Monday, June 04, 2012

Learning Munchkins

The kids loved the game Munchkins.  Several years ago they arm-twisted invited me to join them.  "Oh, it's easy, Mom.  It's not like those strategy games you don't like.  You can learn this!"

So we sat down to play.  They were trying to teach me.  But there was all this stuff about elves and ogres and trolls and different kinds of characters -- vocabulary that wasn't part of my daily life, that's for sure.  I remember how the kids patiently explained the rules, the cards, the characters.  I remember how they patiently walked me through the game, as a big sister might do for the 3-yr-old who's learning to play Candyland. 

And it made no sense.

Granted, at that point, things were a wee bit stressful in life.  And this was too much.  I didn't understand anything they were telling me.  Not about how the game worked.  Nor about the kinds of creatures that were part of the game.  Nothing.  I ended up putting my head down on the table and crying.  I thought my head would explode with all the details that were a jumble in my brain. 

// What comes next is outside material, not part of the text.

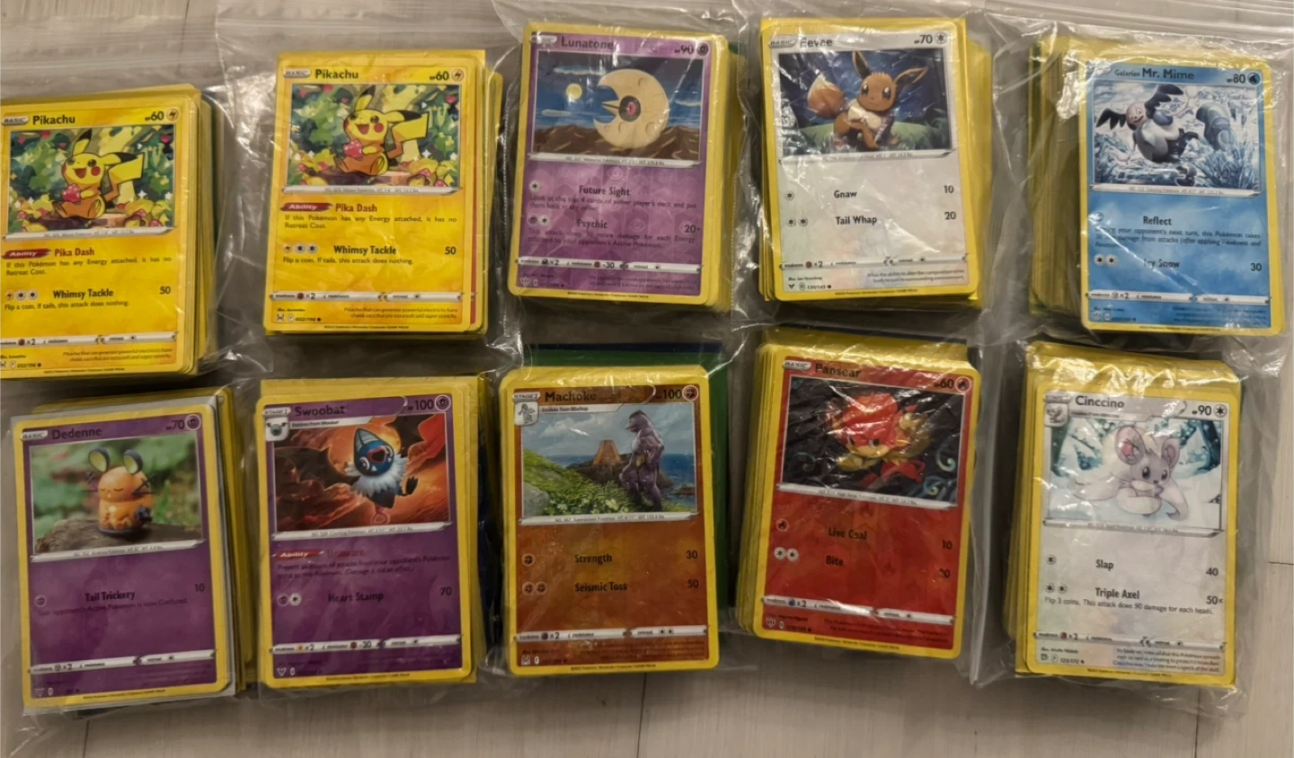 187$3 each bag cash only There are 18 bags available Each bag contains 55 cards which include commons, trainers, energies and a few holo or reverse holo cards. No going through individual bags to pick cards out as they are random. Perfect for loot bags, Halloween or even Christmas.

I think I spent an hour lying on my bed and crying, distraught that I was simply unable to comprehend.  "What's happened to my mind?  I used to be able to do anything I determined to do.  This is just a game.  A game that kids can play.  And it's entirely beyond me!"

We moved.  Things have become more stable.  A year ago, I was capable of learning the procedures at work.  Even in the upheaval of moving, I managed (eventually) to learn where the foil and the mixing bowls were tucked away in the new kitchen.  This past Christmas, Matt & Rachel bought our family a cool board game that I enjoyed playing.  It is conceivable (!) that I might be able to learn Munchkins now. 

But I don't know to.  The memories are bad.  The fear of failure remains.


  1. Honestly, that game has a tough learning curve. Once you get it it's easy enough, but getting there is--in my opinion--difficult and very confusing. It took me a number of games over several years to actually understand what was going on.

  2. This reminds me of my experience of trying to study French with our two older kids a few years ago. Even though I took French in college, it got to a point that I just could not continue studying with them. I felt like a moron in "class" (taught by my husband) and was constantly on the verge of tears. I finally had to quit. Now my husband is talking about starting our youngest in a few years and wondering if I am ready to try again and the mere thought makes me nervous. On the one hand maybe some things have changed and I'll be able to handle it. On the other hand, maybe I'll discover that my brain is more feeble than ever . . . .

  3. Maggie, it helps to know that you found it not-super-easy to learn too. And yes, Cheryl, I remember the story of your French lessons.